I developed a very nice technique for quantifying the impact of these delays. Thus Pat and I talked for hours on end, between the two booths, with the delay gradually being changed.  Our conversations were recorded on a tape recorder -- a very good tape recorder -- and I then analysed them.  The most suitable form of analysis was quite simple. The occurrence, over a given period of time, of frequently used words - such as 'the', 'and' or 'I' - was consistent.  Indeed in our experiment the occurrence of these -- over a sufficiently long time, so that any random blips were averaged out -- was plotted. These graphs very clearly showed the stress the speaker was experiencing.  It was these plots which showed that a third of second produced the highest stress rates, and that was the reason why the fibre optical lines had to be laid, for at least one leg, to halve the overall time delay to less than a sixth of a second.

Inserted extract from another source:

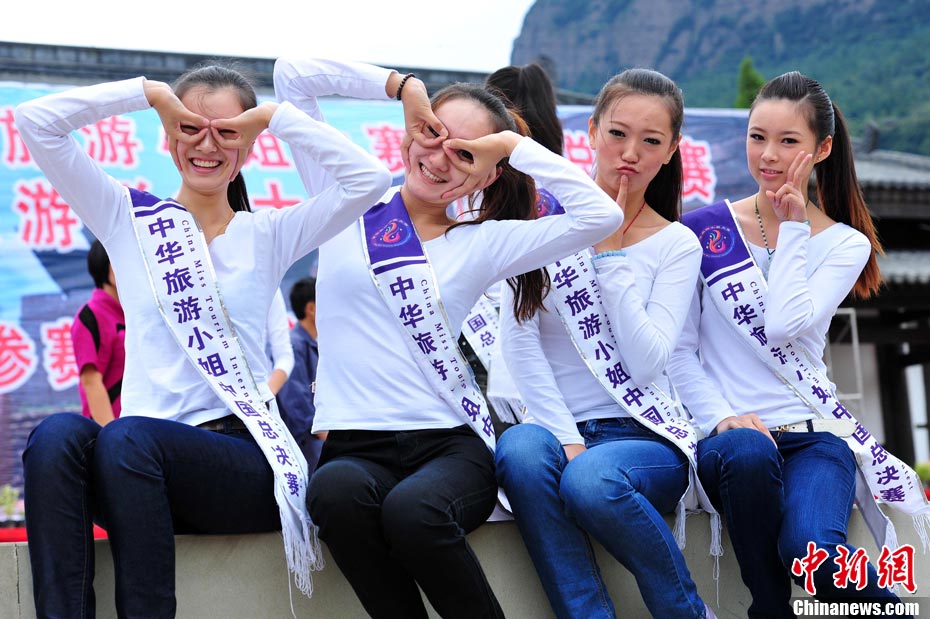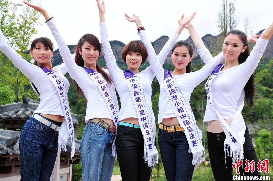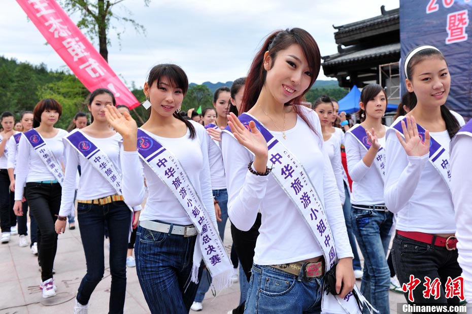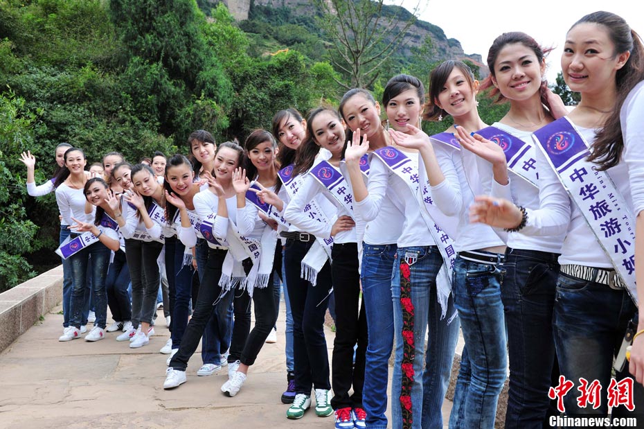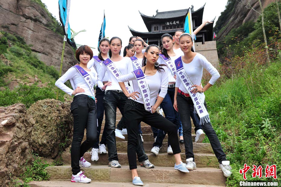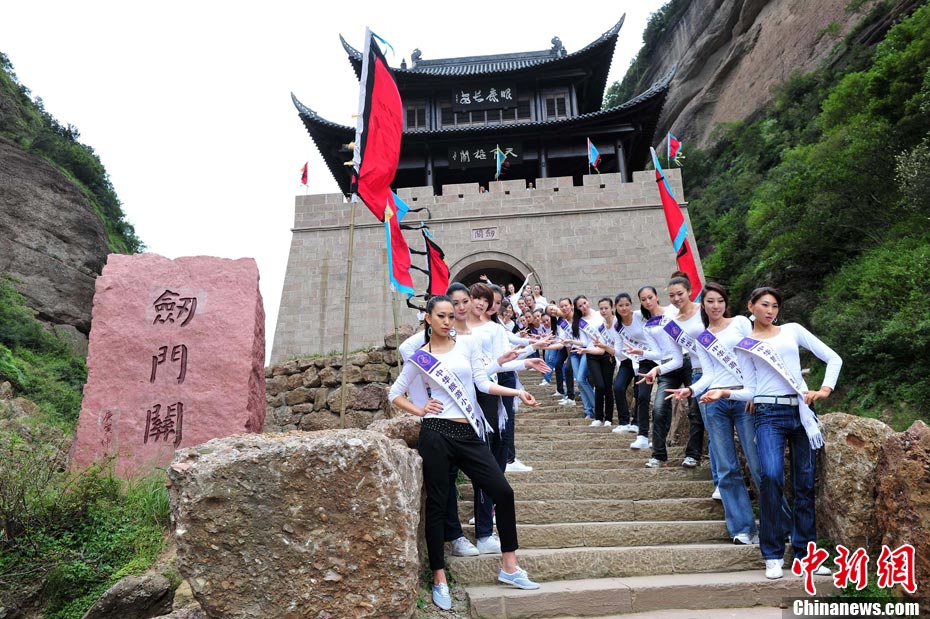 9月23日,2010中華旅游小姐中國總決賽暨劍門關(guān)旅游形象大使全國選拔賽在四川省劍閣縣正式開賽。來自全國各省區(qū)的40名佳麗同登劍門關(guān),用美麗的身姿為這座千年蜀道雄關(guān)增添了靚麗的風(fēng)景線。中新社記者 李學(xué)仕 攝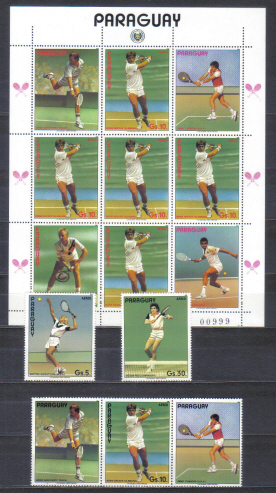 Paraguay čista kompletna seria + tlačovy list - tenisti 1986.

Maybe if I had left it at this I would have got something better than third class for my mark on this project.  But, as usual, I got fascinated by the subject and read up all the literature I could lay my hands on -- at the expense of my revision for the finals exams (another silly mistake!).  I found that there were a number of physiological brain functions which also seemed to have an impact at around a third of second or, more often, three cycles per second.  Hence, for example, strobe lights cause epileptic fits at three cycles per second. 

 

I worried about these facts, like a dog gnawing at a bone. Eventually, deriving from the delay mechanism we used on our equipment and combined with my knowledge of computers (and electronic delay lines), I came up with a theory that suggested that the brain had functions similar to a delay lines. It compared inputs into the ear with those that had occurred a third of a second before.  This was very easy to imagine in terms of inserting delay lines.  As such this enabled the brain to identify what was conversation or some other form of regulated noise and what was random noise!


The result was an inch thick project report, much of which was concerned with the backing for the theory.  I don't know if the Professor read it at the time, since he gave me the third - as I have already said.  What was rather surprising, however, was that he retained the project. The rule at Imperial College was that only the very best of the first-class projects were retained by the College -- all others were returned to students.  Even more suspicious, about a decade later the Professor came out with a similar theory himself!  I don't think it has ever held me back, and perhaps getting out of physics and electrical engineering was the best thing I ever did, but still rankles that I was only given a third for it! It took me another forty years to get my PhD!